Estación Antes de que empiece o después de haber empezado, idea que tomo de la poeta colombiana María Clemencia Sánchez Hernández, autora, entre muchos poemas, de Paraíso Precario y El velorio del amanuense. Y en este antes o después. Donde todo pareciera ser “un recuerdo venido a menos”, la gente hace fila delante de futuros inciertos, palabras trucadas, eufemismos que lo mismo dan más que menos, modelos maquillados, contradicciones políticas, pequeños poemas que se van desvaneciendo y un buen cúmulo de promesas marchitas, quizá debidas al calor o los aguaceros imprevistos que no vienen de afuera, sino que se revuelven en los adentros de quienes tienen el poder y un amanuense que tacha y reescribe, reelabora y se confunde.
Precario es lo que no es estable y dura poco por falta de recursos o carencia de bases o, lo que es peor, porque se apoya en un deseo, una ilusión o una mentira.
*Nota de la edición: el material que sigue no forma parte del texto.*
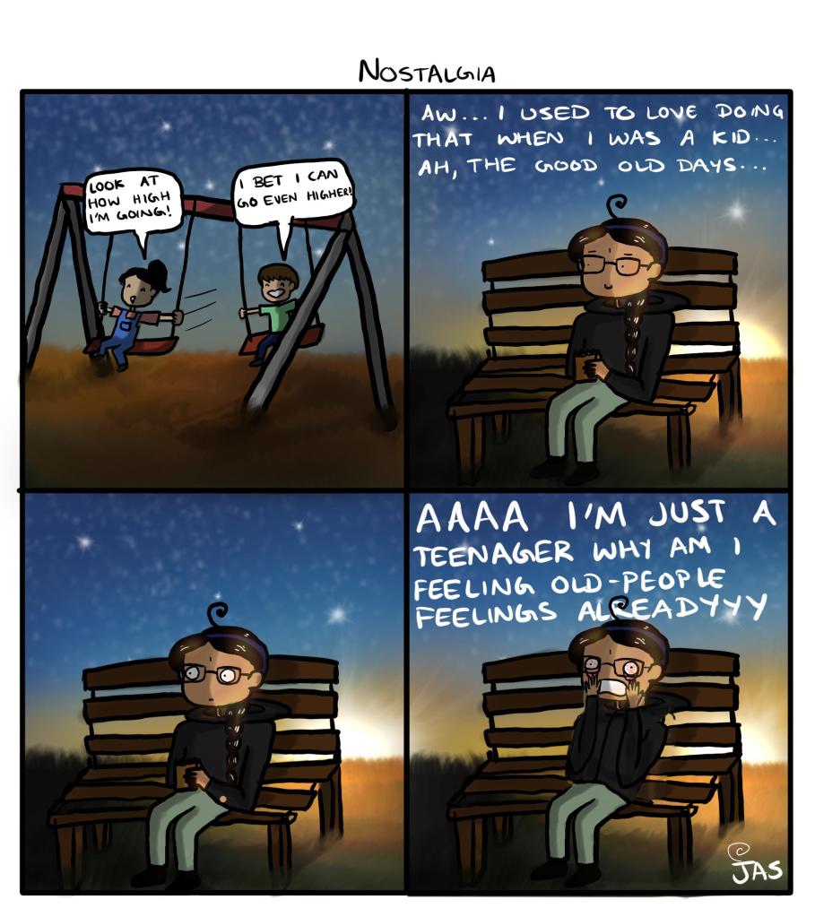 regular comics Nostalgia February 27, 2022March 26, 2022 thejasworldcomics Nostalgia – I love it, I hate it. Share this: Click to share on X (Opens in new window) X Click to share on Facebook (Opens in new window) Facebook More Click to share on Reddit (Opens in new window) Reddit Click to share on Tumblr (Opens in new window) Tumblr Click to share on Pinterest (Opens in new window) Pinterest Click to share on WhatsApp (Opens in new window) WhatsApp Like Loading... Related Share this: Click to share on X (Opens in new window) X Click to share on Facebook (Opens in new window) Facebook More Click to share on Reddit (Opens in new window) Reddit Click to share on Tumblr (Opens in new window) Tumblr Click to share on Pinterest (Opens in new window) Pinterest Click to share on WhatsApp (Opens in new window) WhatsApp Like Loading...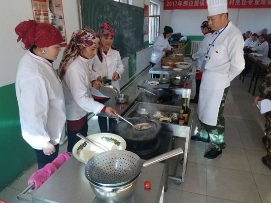 宣传摸底工作早进行。此次技能培训班主要面向农村富余劳动力和贫困人口展开,在新源县11个乡镇进行了为期45天的前期宣传和摸底,确定了包括砌筑、铲车、电工、中式糕点、客房服务等14个工种、46个班的技能培训工作。

Y para lo que nos pasa, en estos climas inciertos y de aires enrarecidos, la precariedad se nos muestra como constante y... bueno, nos movemos como bolos, nos inflamos como pompas de jabón y al final, como esa pelota que nos pasa zumbando la oreja, nos parece que pasó algo que al fin no pasa, lo que incita a moverse poco, revisar cuentas y aprovechar lo que todavía dura, que quizá no sea mucho, pero al menos se mantiene en el Estado de derecho. Estado de derecho que parece tan voluble como los estados de la materia, que de sólidos pasan a líquidos y de ahí a un punto X de evaporación. Y ya lo que sigue es una imagen del doctor Mabuse, gran jugador de trampas, que tan bien nos define en lo que pensamos y hacemos, si la corrida da para algo.
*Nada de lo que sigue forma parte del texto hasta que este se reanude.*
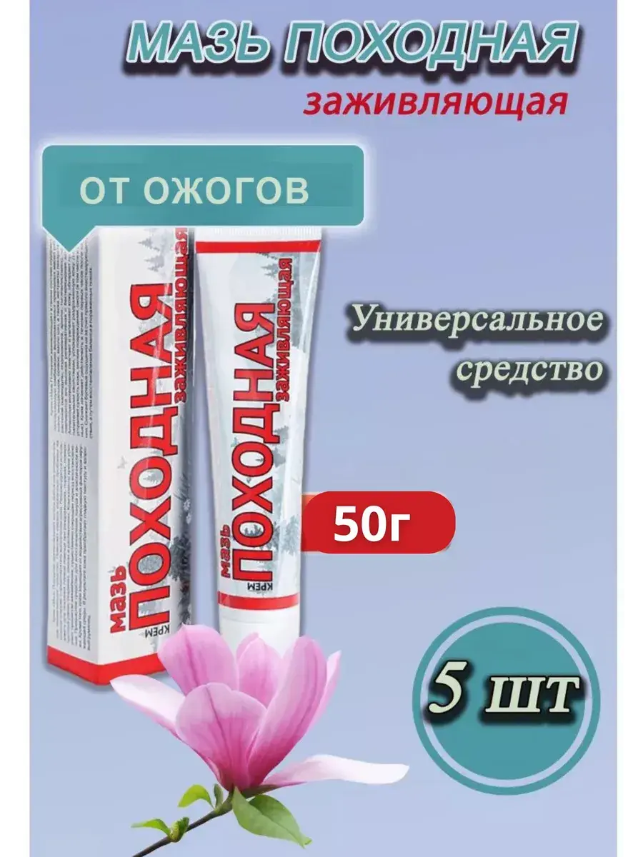 Походная мазь 50гр от ожогов, ранозаживляющая, от ссадин, порезов, растяжений, с пантенолом. Мазь Походная заживляющая используется как универсальное заживляющее средство, компоненты которого ускоряют процессы заживления и существенно сокращают период восстановления, а также восстанавливают тонус и эластичности кожи. Используется для оказания первой помощи при раздражениях, порезах, поверхностных ранах, ссадинах, ожогах и растяжениях. Кроме того, крем защищает от воздействия агрессивных факторов окружающей среды. В результате использования кожа приобретает гладкую текстуру и здоровый румянец. Состав: природные высокоактивные эфирные масла (облепиховое, миндальное, соевое, масло ши), экстракты лекарственных растений (календулы, подорожника, арники, тысячелистника), а также витамин Е (восстанавливает кожный покров), Аллантоин (интенсивно смягчает и увлажняет кожу, обладает противовоспалительными свойствами, успокаивает раздраженную кожу), Д-пантенол (устраняет сухость кожи, мелкие повреждения, ожоги,в том числе и солнечные).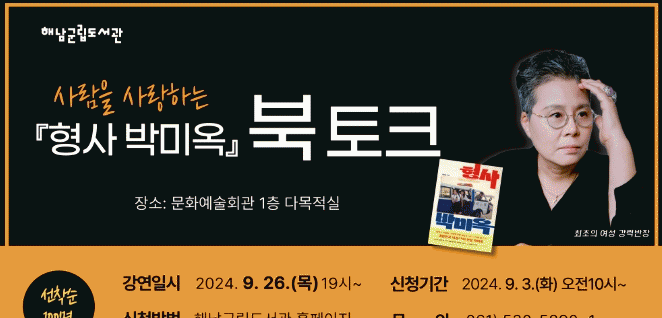 참가 신청은 2일부터 해남군립도서관 누리집을 통해 진행하며, 당일 현장 신청도 가능하다. 자세한 내용은 해남군립도서관(☎061-530-5890)으로 문의하면 된다.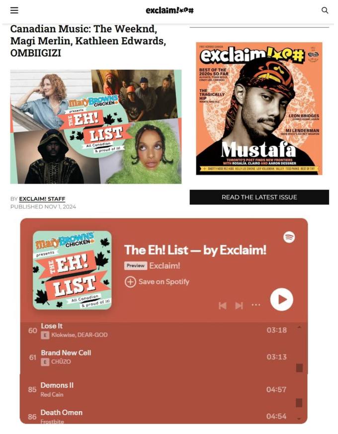 0 Thank You Canadian MDs and DJs for the airplay love! \m/\m/ For the Week Ending: Tuesday, December 17, 2024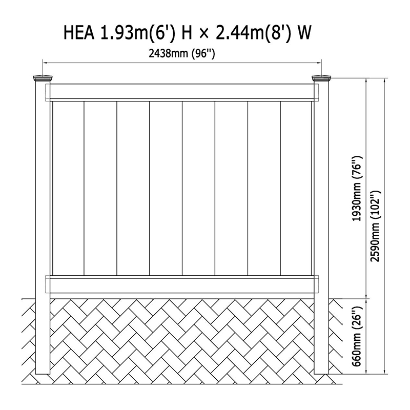 Ogrodzenie jest zbudowane tak, jak trwałe posty dostępne w 4 „x 4” lub 5 "x 5", z opcjonalnymi wysokościami do 102 cali. Każdy post jest wstępnie wykonany w celu łatwej instalacji, zaprojektowany do konfiguracji linii, końca, narożnika, 3-kierunkowej lub pustej. Dolne i górne szyny są zbudowane ze solidnych kawałków 2 x 6 "x 94", wstępnie nagradzanych dla wygody. Aluminiowa wkładka w dolnej szynie zwiększa jego wytrzymałość, zapewniając trwałość klasy komercyjnej.

Mientras nos llega el fracking (nacido de conceptos ambientalistas precarios), la difusa economía naranja (aparecida de ilusiones precarias), la desaparición paulatina de la clase media (lo que socialmente es una tragedia) y la precariedad de la ambición (se quiere dinero, que es lo que más rápido se devalúa y lo que más tiempo quita), solo nos queda un Paraíso precario, el de María Clemencia Sánchez Hernández, donde todavía hay rastros de frescura, un pequeño árbol, un frágil pétalo que da un nombre. Quizá de ahí nos peguemos, como decía el rabino: basta una mínima decencia para no caer.
Acotación: para como estamos, amontonados, produciendo contaminación, haciendo ruido, amontonando basura y viendo el futuro en un semáforo que funciona más en rojo que en verde, la defensa de los paraísos precarios (lo que nos queda de la ética, la moral y la belleza) es una tarea que cumplir. Quizá nos lleguen días egipcios, pero al menos que la dignidad no se pierda, la poca que queda. Y que en esa dignidad una flor sea una flor, otro país.